A psychologist might suggest that Squire M is suffering from secondary shell-shock. For years he has championed the cause of the forgotten Irish who died in the ranks of the British army in the First World War. Their war was a 'courageous' one, was 'poignant'. 'a true epic' full of sacrifice, even though, as it turned out, they weren't fighting for the cause that they thought. On the other hand, Irish republicans who fought in 1916 and in the Tan War, and who knew what they were fighting for, were stupid. The Easter Rising was "an unmitigated evil for Ireland" which left "a legacy of violence and murderous, clandestine covens."

IRA Volunteers 'murdered', whereas RIC men and British soldiers were merely doing 'their duty'. "I am not saying the security forces were not killing people at that time. But such killings were in spontaneous and occasional affrays." During the current conflict British army killings did "not compare with the atrociousness of the IRA campaign." The security forces are "amongst the true heroes of the Troubles."

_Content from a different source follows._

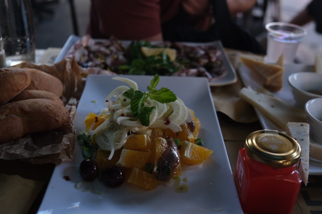 Αποφέυγουμε να δειπνήσουμε στα διεθνούς ύφους εστιατόρια («english breakfast!»,»sushi!!» κλπ κλπ) του San Vito De Lο Capo και επίλεγουμε ένα «αγροτουριστικό» εστιατόριο, λίγα χιλιόμετρα από το ξενοδοχείο μας το οποίο βρίσκεται σε μία κάποια σεβαστή απόσταση από το τουριστικό θέρετρο. Το ονομα του ήταν agroturismo la valle dei tramonti.

He despises Michael Collins, opposed the candidacy of Marys Robinson and McAleese for the presidency, opposed the peace process, supported the release of Paratrooper Lee Clegg (M was "far from convinced that murder, in its full and premeditated sense, was what Clegg had in mind" when the two unarmed teenagers were shot in the back). Later, he admitted to being wrong in some of his opinions, but in subsequent diary entries he was stranded in no man's land, three battalions short of a regiment.

Adopting unionist-speak he refers to Sinn Fein/IRA. Republicans, he says, speak "heathen gibberish", though I suppose I should be thankful that omitted from this book is that appalling piece he wrote describing dead IRA Volunteers as 'the progeny of a sow's litter'. M at his humanitarian best.

Five years ago in 'The Spectator' magazine he wrote about an incident in the 1970s when he was working as a journalist in Belfast (and recalls it in this book). He said that he was in a pub in Andersonstown when a fight broke out between two men, one of whom was badly beaten. The IRA arrived to sort out the situation and Myers says that he heard Gerry Adams say to the IRA about one of the men, "Shoot him."

What is extraordinary about this story is the Myers can't remember the name of the bar, the date, who was shot (if anyone was shot), and, strange for a journalist, didn't write about his 'exclusive' at the time. Surprise, surprise, he only remembered the story at the height of the cease-fire in 1995, and used it to denigrate Adams and call into question his commitment to peace.

If you are a fox, a feminist, a single parent, a supporter of neutrality, an opponent of imperialism or an ex-internee, on a country lane in the vicinity of County Wicklow, and you see a bowler-hatted, jaunty, liveried equestrian, puffing up his cheeks to blow his horn, my advice to you is to run for your life, because Squire M takes no prisoners.